--- Record set Enclosed Below ---
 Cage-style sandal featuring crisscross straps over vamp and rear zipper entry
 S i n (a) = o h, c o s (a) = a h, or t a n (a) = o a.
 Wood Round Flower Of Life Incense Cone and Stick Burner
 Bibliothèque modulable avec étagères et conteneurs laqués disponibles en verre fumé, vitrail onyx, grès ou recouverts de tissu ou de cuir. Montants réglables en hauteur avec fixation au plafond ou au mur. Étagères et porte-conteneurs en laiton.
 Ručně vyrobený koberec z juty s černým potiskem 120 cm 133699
--- End of Enclosed Record set ---
--- Record set Enclosed Below ---
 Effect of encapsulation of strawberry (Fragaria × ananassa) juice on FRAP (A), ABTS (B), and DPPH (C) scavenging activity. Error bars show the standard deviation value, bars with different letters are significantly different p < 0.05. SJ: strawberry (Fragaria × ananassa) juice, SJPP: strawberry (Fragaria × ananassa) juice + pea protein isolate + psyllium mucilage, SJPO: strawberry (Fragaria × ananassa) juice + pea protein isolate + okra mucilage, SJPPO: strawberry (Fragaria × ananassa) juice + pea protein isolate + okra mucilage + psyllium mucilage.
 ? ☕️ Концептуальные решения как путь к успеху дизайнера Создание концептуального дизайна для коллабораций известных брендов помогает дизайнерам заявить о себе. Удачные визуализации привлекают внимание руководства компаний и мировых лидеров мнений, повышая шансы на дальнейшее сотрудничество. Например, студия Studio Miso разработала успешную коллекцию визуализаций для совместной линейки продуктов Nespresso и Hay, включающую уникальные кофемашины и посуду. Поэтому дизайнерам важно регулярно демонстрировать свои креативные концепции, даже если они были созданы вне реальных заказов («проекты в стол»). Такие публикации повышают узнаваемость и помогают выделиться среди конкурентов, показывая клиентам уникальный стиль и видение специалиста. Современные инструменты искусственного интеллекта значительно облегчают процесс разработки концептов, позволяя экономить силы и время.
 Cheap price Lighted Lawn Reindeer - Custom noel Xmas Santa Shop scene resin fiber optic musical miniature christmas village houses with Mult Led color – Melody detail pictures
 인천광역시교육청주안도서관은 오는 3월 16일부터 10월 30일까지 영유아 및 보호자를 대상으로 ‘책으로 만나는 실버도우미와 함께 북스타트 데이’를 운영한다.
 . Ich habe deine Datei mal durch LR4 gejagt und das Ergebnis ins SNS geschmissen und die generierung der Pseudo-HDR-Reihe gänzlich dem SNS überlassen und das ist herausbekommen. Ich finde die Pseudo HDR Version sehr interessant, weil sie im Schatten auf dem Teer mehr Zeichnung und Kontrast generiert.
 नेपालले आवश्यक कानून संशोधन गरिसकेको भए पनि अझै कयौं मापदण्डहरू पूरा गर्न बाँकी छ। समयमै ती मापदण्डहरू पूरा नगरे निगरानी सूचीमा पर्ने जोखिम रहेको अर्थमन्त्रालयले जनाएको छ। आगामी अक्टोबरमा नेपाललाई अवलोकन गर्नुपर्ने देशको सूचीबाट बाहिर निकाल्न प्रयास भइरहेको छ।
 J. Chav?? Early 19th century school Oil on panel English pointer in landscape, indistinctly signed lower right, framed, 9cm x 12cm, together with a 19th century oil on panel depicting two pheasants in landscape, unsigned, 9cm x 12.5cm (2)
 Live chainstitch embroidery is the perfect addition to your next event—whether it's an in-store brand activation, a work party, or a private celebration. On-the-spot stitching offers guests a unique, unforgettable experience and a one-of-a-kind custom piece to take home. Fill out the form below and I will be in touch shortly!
--- End of Enclosed Record set ---
* **Exercise instructions**
Copy the stretch of the records above that runs from the line with "Cage-style sandal featuring" through the line with "Ručně vyrobený koberec". Both end lines belong in the copy, and nothing else does.

* **Result of this task**
 Cage-style sandal featuring crisscross straps over vamp and rear zipper entry
 S i n (a) = o h, c o s (a) = a h, or t a n (a) = o a.
 Wood Round Flower Of Life Incense Cone and Stick Burner
 Bibliothèque modulable avec étagères et conteneurs laqués disponibles en verre fumé, vitrail onyx, grès ou recouverts de tissu ou de cuir. Montants réglables en hauteur avec fixation au plafond ou au mur. Étagères et porte-conteneurs en laiton.
 Ručně vyrobený koberec z juty s černým potiskem 120 cm 133699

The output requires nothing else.